DATA EXTRACTS -
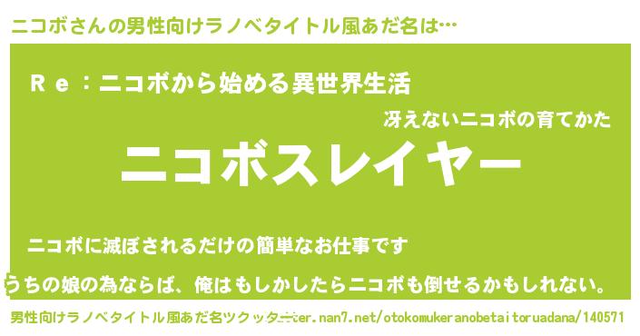 | ヘコむあだ名 | 『牛乳』『ニコボ(笑)』『ニコぷりん』 |
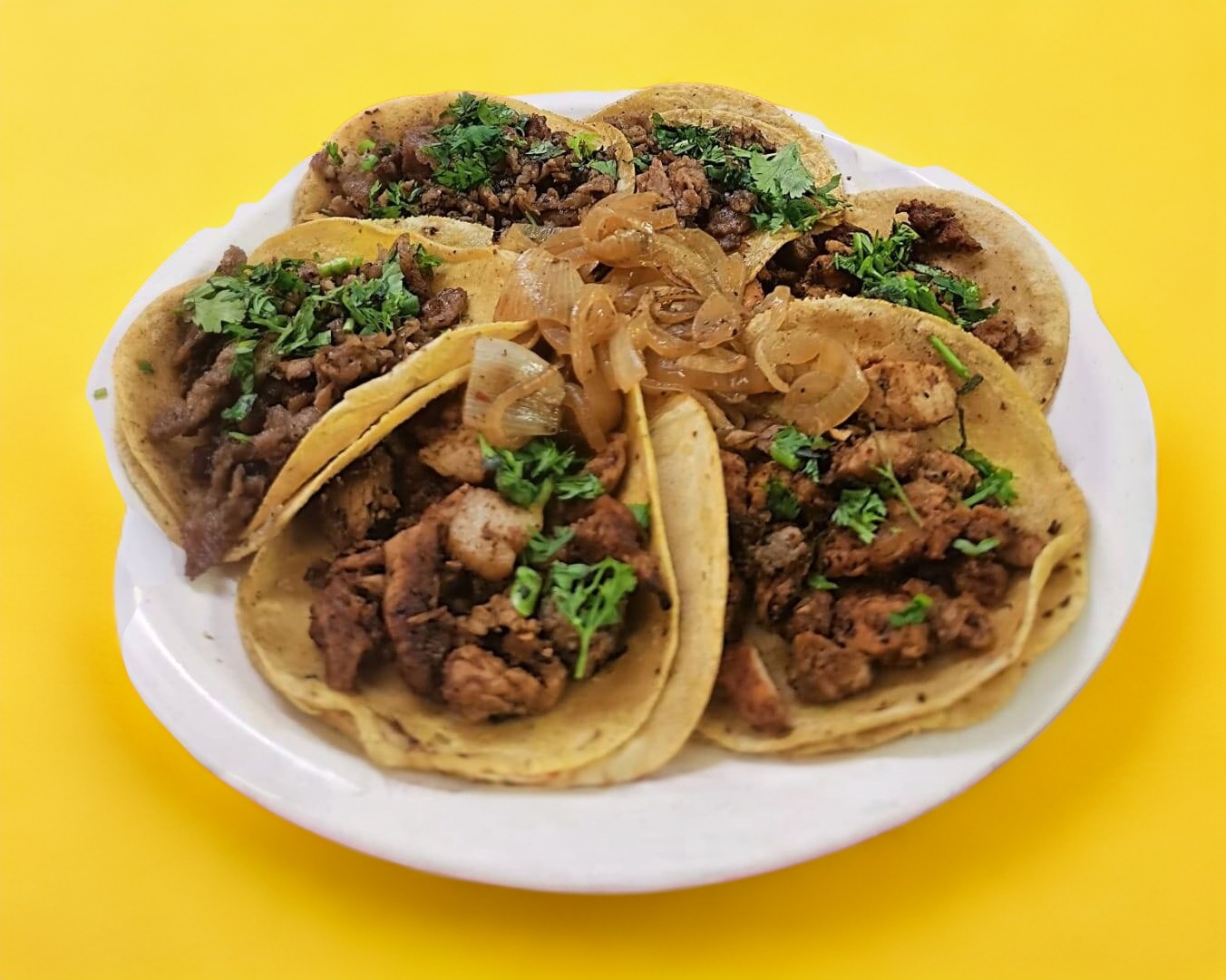 15 Tacos con carne de tu elección, hechos con tortilla de maíz taquera, proteína a elegir, salsa, cebolla y cilantro.
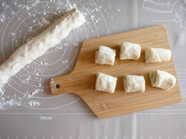 Нарежьте получившийся рулет на шайбочки шириной примерно 4см.
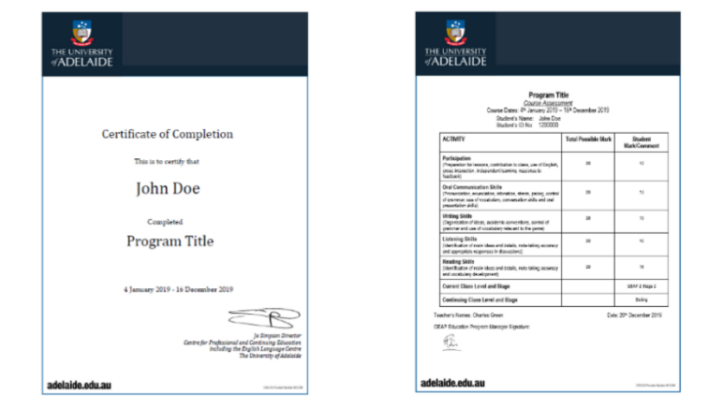 下图:阿德莱德大学项目证书与成绩单样图
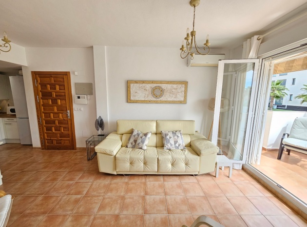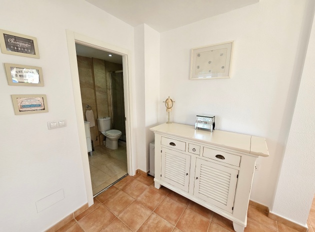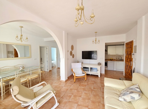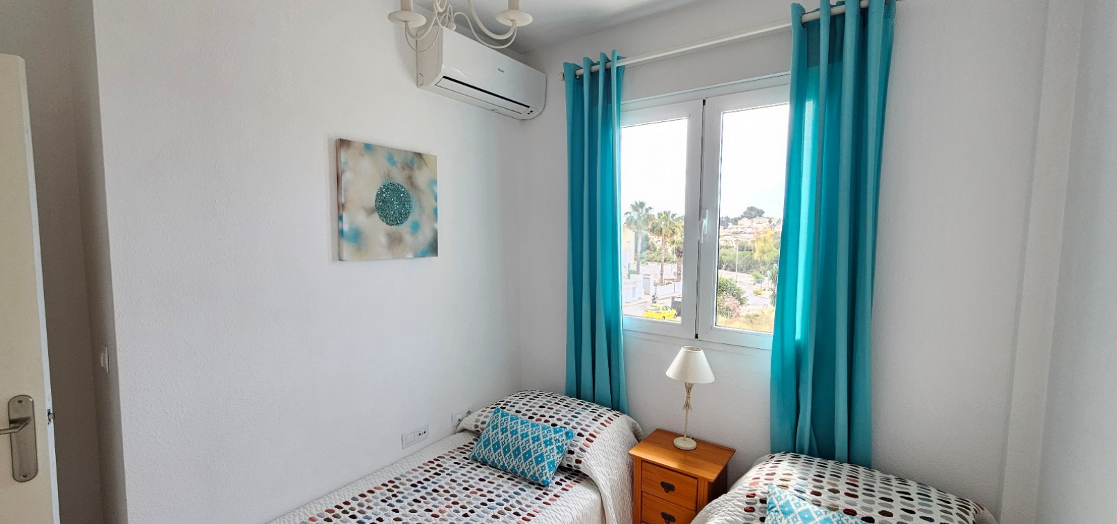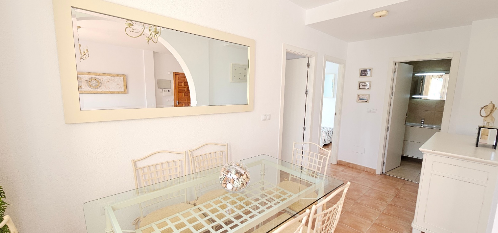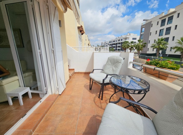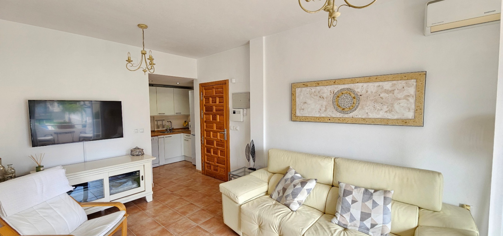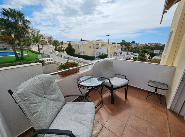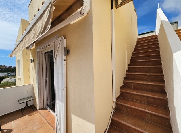 En hörnlägenhet med 2 sovrum och 2 badrum i sydostläge på översta våningen med ett stort privat takterrass, belägen i Panorama Golf, Villamartin, Costa Blanca Södra.

EXERCISE AIM -
Restate, word for word, each line from the one with "下图:阿德莱德大学项目证书与成绩单样图" to the end of the entries, both included, and keep every picture out.

TASK OUTPUT -
 下图:阿德莱德大学项目证书与成绩单样图
 En hörnlägenhet med 2 sovrum och 2 badrum i sydostläge på översta våningen med ett stort privat takterrass, belägen i Panorama Golf, Villamartin, Costa Blanca Södra.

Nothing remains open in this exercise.